Both materialization and backward-chaining as different modes of performing inference have complementary advan- tages and disadvantages. Materialization enables very efficient responses at query time, but at the cost of an expensive up front closure computation, which needs to be redone every time the knowledge base changes. Backward-chaining does not need such an expensive and change-sensitive pre-computation, and is therefore suitable for more frequently changing knowledge bases, but has to perform more computation at query time. Materialization has been studied extensively in the recent semantic web literature, and is now available in industrial-strength systems. In this work, we focus instead on backward-chaining, and we present a general hybrid algorithm to perform efficient backward-chaining reasoning on very large RDF data sets. To this end, we analyze the correctness of our algorithm by proving its completeness using the theory developed in deductive databases and we introduce a number of techniques that exploit the characteristics of our method to execute efficiently (most of) the OWL RL rules. These techniques reduce the computation and hence improve the response time by reducing the size of the generated proof tree and the number of duplicates produced in the derivation. We have implemented these techniques in an experimental prototype called QueryPIE and present an evaluation on both realistic and artificial data sets of a size that is between five and ten billion of triples. The evaluation was performed using one machine with commodity hardware and it shows that (i) with our approach the initial pre-computation takes only a few minutes against the hours (or even days) necessary for a full materialization and that (ii) the remaining overhead introduced by reasoning still allows atomic queries to be processed with an interactive response time. To the best of our knowledge our method is the first that demonstrates complex rule-based reasoning at query time over an input of several billion triples and it takes a step forward towards truly large-scale reasoning by showing that complex and large-scale OWL inference can be performed without an expensive distributed hardware architecture.

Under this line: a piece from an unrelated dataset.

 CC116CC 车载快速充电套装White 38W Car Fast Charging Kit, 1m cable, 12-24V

Semantic Technologies for Data Analysis in Health Care

A fruitful application of Semantic Technologies in the field of healthcare data analysis has emerged from the collaboration between Oxford and Kaiser Permanente a US healthcare provider (HMO). US HMOs have to annually deliver measurement results on their quality of care to US authorities. One of these sets of measurements is defined in a specification called HEDIS which is infamous amongst data analysts for its complexity. Traditional solutions with either SAS-programs or SQL-queries lead to involved solutions whose maintenance and validation is difficult and binds considerable amount of resources. In this paper we present the project in which we have applied Semantic Technologies to compute the most difficult part of the HEDIS measures. We show that we arrive at a clean, structured and legible encoding of HEDIS in the rule language of the RDF-triple store RDFox. We use RDFox’s reasoning capabilities and SPARQL queries to compute and extract the results. The results of a whole Kaiser Permanente regional branch could be computed in competitive time by RDFox on readily available commodity hardware. Further development and deployment of the project results are envisaged in Kaiser Permanente.

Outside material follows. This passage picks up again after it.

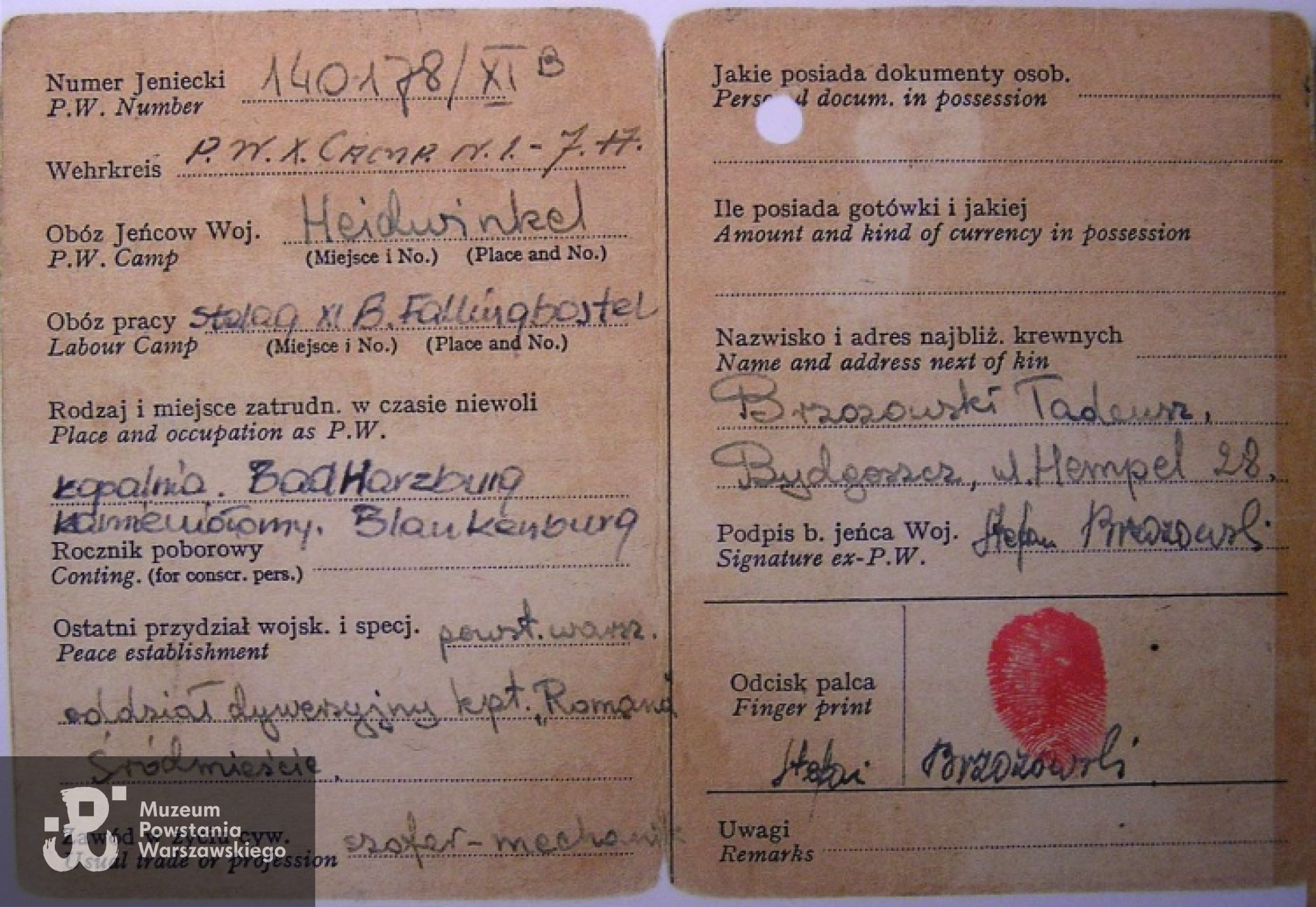 Niewola niemiecka - jeniec Stalagu XI B Fallingbostel; pracował niewolniczo w kamieniołomie Bad Harzburg - Blankenburg.

RDFox: A Highly-Scalable RDF Store

We present RDFox—a main-memory, scalable, centralised RDF store that supports materialisation-based parallel datalog reasoning and SPARQL query answering. RDFox uses novel and highly-efficient parallel reasoning algorithms for the computation and incremental update of datalog materialisations with efficient handling of owl:sameAs. In this system description paper, we present an overview of the system architecture and highlight the main ideas behind our indexing data structures and our novel reasoning algorithms. In addition, we evaluate RDFox on a high-end SPARC T5-8 server with 128 physical cores and 4TB of RAM. Our results show that RDFox can effectively exploit such a machine, achieving speedups of up to 87 times, storage of up to 9.2 billion triples, memory usage as low as 36.9 bytes per triple, importation rates of up to 1 million triples per second, and reasoning rates of up to 6.1 million triples per second.